ACTION ITEM
In your reply, repeat the full listing exactly and leave each picture out.

(INFORMATION SHOWN Opens)

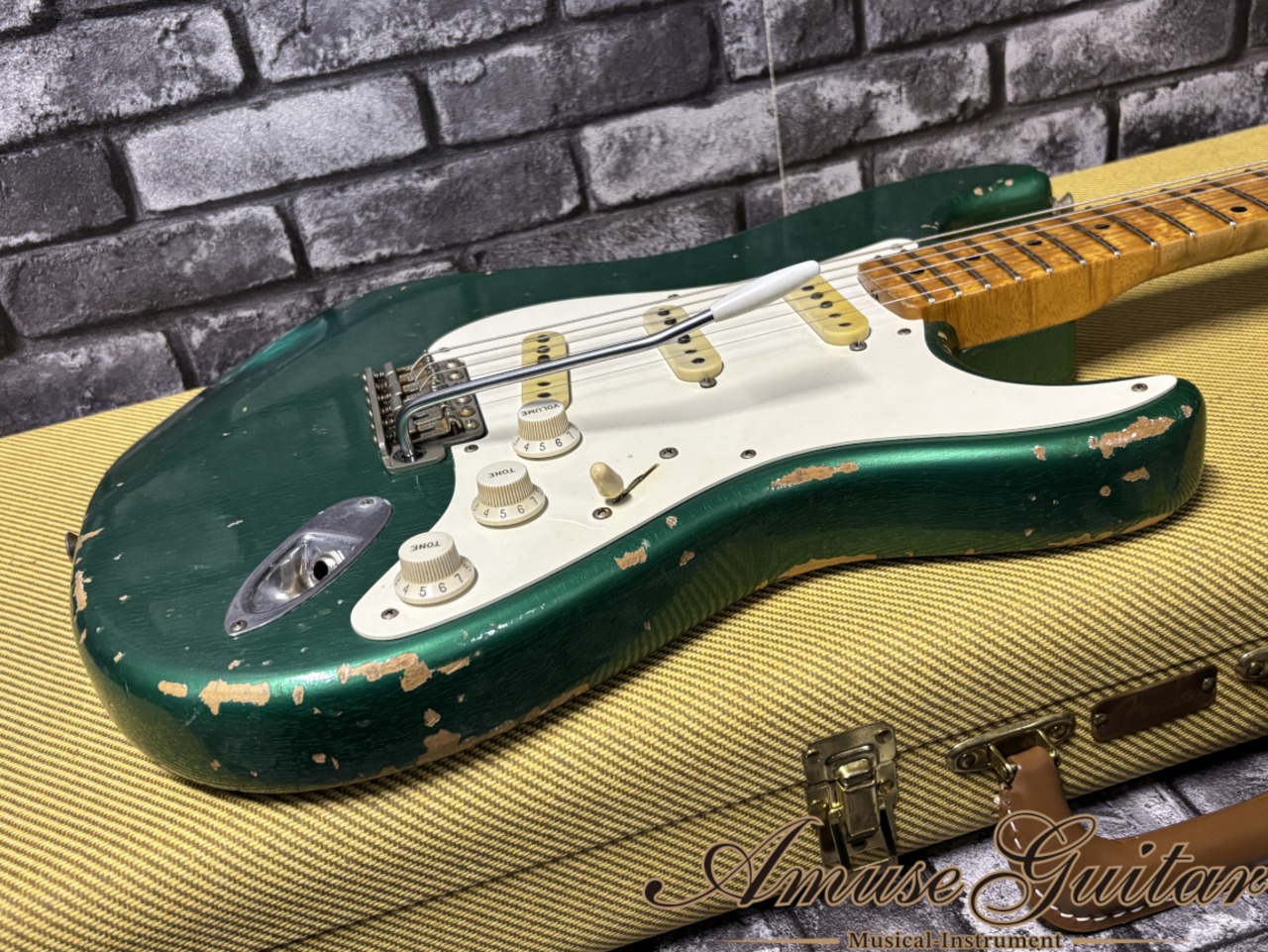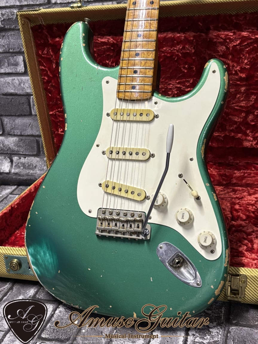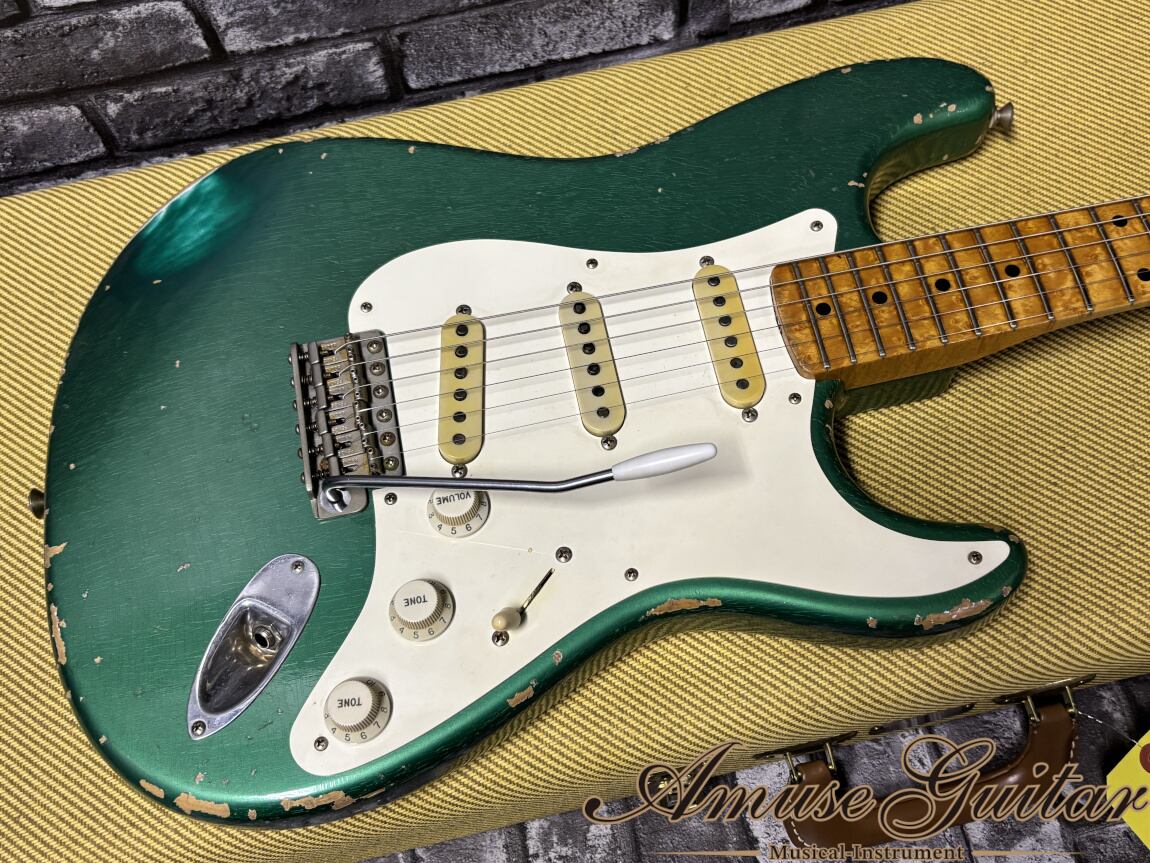 今回ご紹介させていただきますのは、そのクネットがレリック加工を手掛けた希少な一本。1958年スペックを採用したこちら、クネットが手掛けたことが納得できる圧巻のレリック加工と、極上の選定材、そして激鳴りというにふさわしい木材の奥ゆかしいサウンドの広がりが特徴の一本。フィニッシュは“この時期にこんなカラーラインナップがあったのか”と、STフリークもビックリのシャーウッドグリーンメタリックで争奪戦必須です。そしてなにより、この個体は前所有者様が大事に保管していた状態が素晴らしく、なんとFender出荷時の元箱も付属した奇跡の状態で、プレイヤー/コレクター多方面にご納得いただける逸品です。
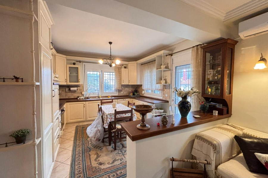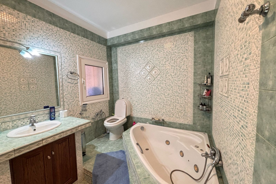 Villa 260 sqm is for sale near the beach, in Alykes, Volos. The villa consists of three levels. Upon entering the ground floor, we find a spacious outdoor living room with a fireplace, a separate kitchen with a dining area, and a bathroom. An internal staircase leads to the first floor, which features 3 comfortable bedrooms and a bathroom. There is an autonomous basement with one bedroom, a kitchen with a living room, and a bathroom, which is also connected to the rest of the house via an internal staircase. The property is energy-independent, as there is a photovoltaic system on the roof. The yard is landscaped with grass, includes a BBQ area, and the property is located right next to the beach.
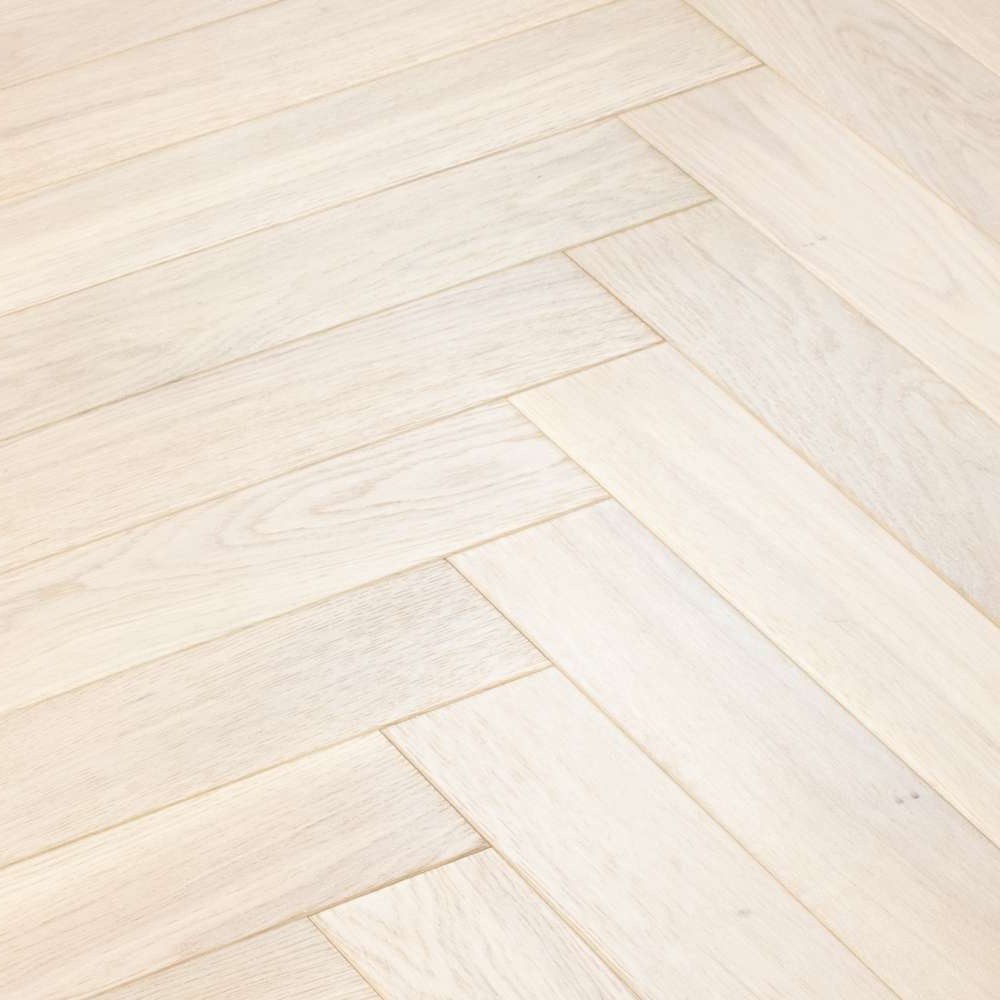 Инженерная доска Lab Arte Дуб Чегет белый в дизайне «венгерская елка» производится в сортировке Натур, где характерны активные вариации цветовых оттенков. На поверхности допускаются живые сучки (до 20 мм) и темные сросшиеся сучки с трещинами (размером до 15 мм и не более 3 шт. на погонный метр), которые зашлифованы и зашпатлеваны в тон покрытия.

(INFORMATION SHOWN Closes)

SOLUTION BELOW
 今回ご紹介させていただきますのは、そのクネットがレリック加工を手掛けた希少な一本。1958年スペックを採用したこちら、クネットが手掛けたことが納得できる圧巻のレリック加工と、極上の選定材、そして激鳴りというにふさわしい木材の奥ゆかしいサウンドの広がりが特徴の一本。フィニッシュは“この時期にこんなカラーラインナップがあったのか”と、STフリークもビックリのシャーウッドグリーンメタリックで争奪戦必須です。そしてなにより、この個体は前所有者様が大事に保管していた状態が素晴らしく、なんとFender出荷時の元箱も付属した奇跡の状態で、プレイヤー/コレクター多方面にご納得いただける逸品です。
 Villa 260 sqm is for sale near the beach, in Alykes, Volos. The villa consists of three levels. Upon entering the ground floor, we find a spacious outdoor living room with a fireplace, a separate kitchen with a dining area, and a bathroom. An internal staircase leads to the first floor, which features 3 comfortable bedrooms and a bathroom. There is an autonomous basement with one bedroom, a kitchen with a living room, and a bathroom, which is also connected to the rest of the house via an internal staircase. The property is energy-independent, as there is a photovoltaic system on the roof. The yard is landscaped with grass, includes a BBQ area, and the property is located right next to the beach.
 Инженерная доска Lab Arte Дуб Чегет белый в дизайне «венгерская елка» производится в сортировке Натур, где характерны активные вариации цветовых оттенков. На поверхности допускаются живые сучки (до 20 мм) и темные сросшиеся сучки с трещинами (размером до 15 мм и не более 3 шт. на погонный метр), которые зашлифованы и зашпатлеваны в тон покрытия.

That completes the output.